- [Supplied data]
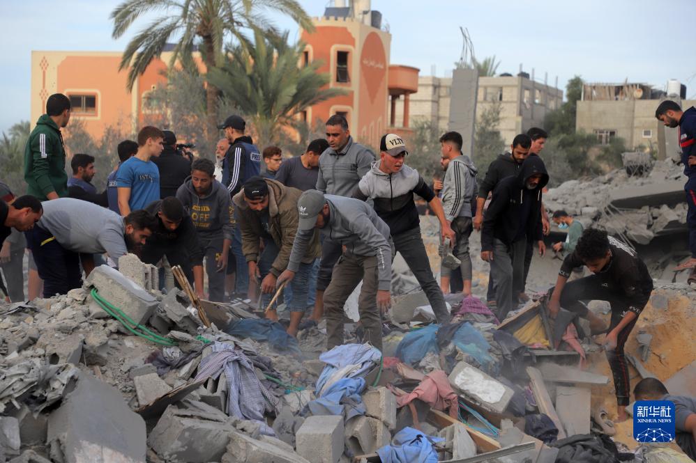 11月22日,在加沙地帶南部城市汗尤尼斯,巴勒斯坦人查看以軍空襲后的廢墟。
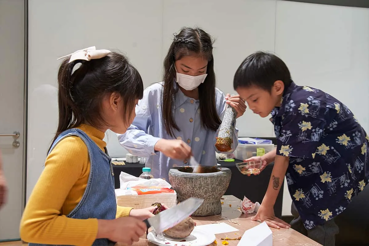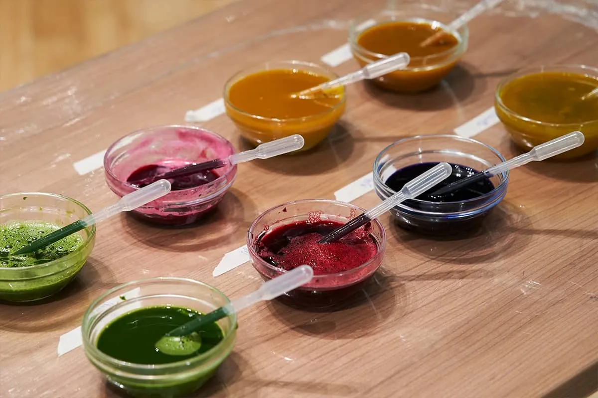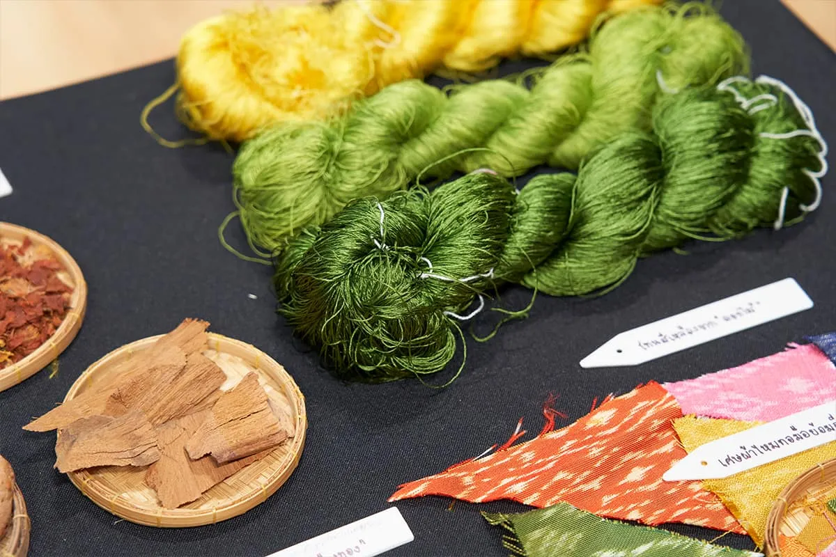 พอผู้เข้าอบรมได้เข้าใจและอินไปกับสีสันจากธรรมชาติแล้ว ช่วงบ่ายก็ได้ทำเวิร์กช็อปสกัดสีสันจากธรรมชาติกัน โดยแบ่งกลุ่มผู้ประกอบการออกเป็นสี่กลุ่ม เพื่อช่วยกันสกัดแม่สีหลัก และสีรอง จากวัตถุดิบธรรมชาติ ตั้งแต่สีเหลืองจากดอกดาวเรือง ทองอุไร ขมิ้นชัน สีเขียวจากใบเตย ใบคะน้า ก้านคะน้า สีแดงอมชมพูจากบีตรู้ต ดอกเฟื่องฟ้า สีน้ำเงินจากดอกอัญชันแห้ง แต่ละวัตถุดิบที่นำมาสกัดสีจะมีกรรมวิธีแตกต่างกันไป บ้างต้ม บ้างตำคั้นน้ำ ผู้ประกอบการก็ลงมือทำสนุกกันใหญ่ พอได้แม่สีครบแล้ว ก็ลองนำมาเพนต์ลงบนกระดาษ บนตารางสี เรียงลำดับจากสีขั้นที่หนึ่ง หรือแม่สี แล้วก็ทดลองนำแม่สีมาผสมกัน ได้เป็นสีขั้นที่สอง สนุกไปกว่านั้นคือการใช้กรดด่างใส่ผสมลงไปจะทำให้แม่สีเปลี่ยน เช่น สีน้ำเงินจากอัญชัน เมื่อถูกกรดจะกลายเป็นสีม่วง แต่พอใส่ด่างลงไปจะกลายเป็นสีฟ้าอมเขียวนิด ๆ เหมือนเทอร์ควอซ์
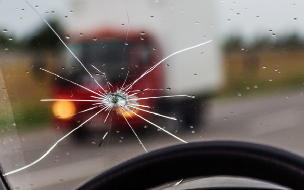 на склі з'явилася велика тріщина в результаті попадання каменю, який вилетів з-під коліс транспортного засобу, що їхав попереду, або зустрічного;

- [What the task asks] Print the material above exactly, skipping its images.

- [Answer section]
 11月22日,在加沙地帶南部城市汗尤尼斯,巴勒斯坦人查看以軍空襲后的廢墟。
 พอผู้เข้าอบรมได้เข้าใจและอินไปกับสีสันจากธรรมชาติแล้ว ช่วงบ่ายก็ได้ทำเวิร์กช็อปสกัดสีสันจากธรรมชาติกัน โดยแบ่งกลุ่มผู้ประกอบการออกเป็นสี่กลุ่ม เพื่อช่วยกันสกัดแม่สีหลัก และสีรอง จากวัตถุดิบธรรมชาติ ตั้งแต่สีเหลืองจากดอกดาวเรือง ทองอุไร ขมิ้นชัน สีเขียวจากใบเตย ใบคะน้า ก้านคะน้า สีแดงอมชมพูจากบีตรู้ต ดอกเฟื่องฟ้า สีน้ำเงินจากดอกอัญชันแห้ง แต่ละวัตถุดิบที่นำมาสกัดสีจะมีกรรมวิธีแตกต่างกันไป บ้างต้ม บ้างตำคั้นน้ำ ผู้ประกอบการก็ลงมือทำสนุกกันใหญ่ พอได้แม่สีครบแล้ว ก็ลองนำมาเพนต์ลงบนกระดาษ บนตารางสี เรียงลำดับจากสีขั้นที่หนึ่ง หรือแม่สี แล้วก็ทดลองนำแม่สีมาผสมกัน ได้เป็นสีขั้นที่สอง สนุกไปกว่านั้นคือการใช้กรดด่างใส่ผสมลงไปจะทำให้แม่สีเปลี่ยน เช่น สีน้ำเงินจากอัญชัน เมื่อถูกกรดจะกลายเป็นสีม่วง แต่พอใส่ด่างลงไปจะกลายเป็นสีฟ้าอมเขียวนิด ๆ เหมือนเทอร์ควอซ์
 на склі з'явилася велика тріщина в результаті попадання каменю, який вилетів з-під коліс транспортного засобу, що їхав попереду, або зустрічного;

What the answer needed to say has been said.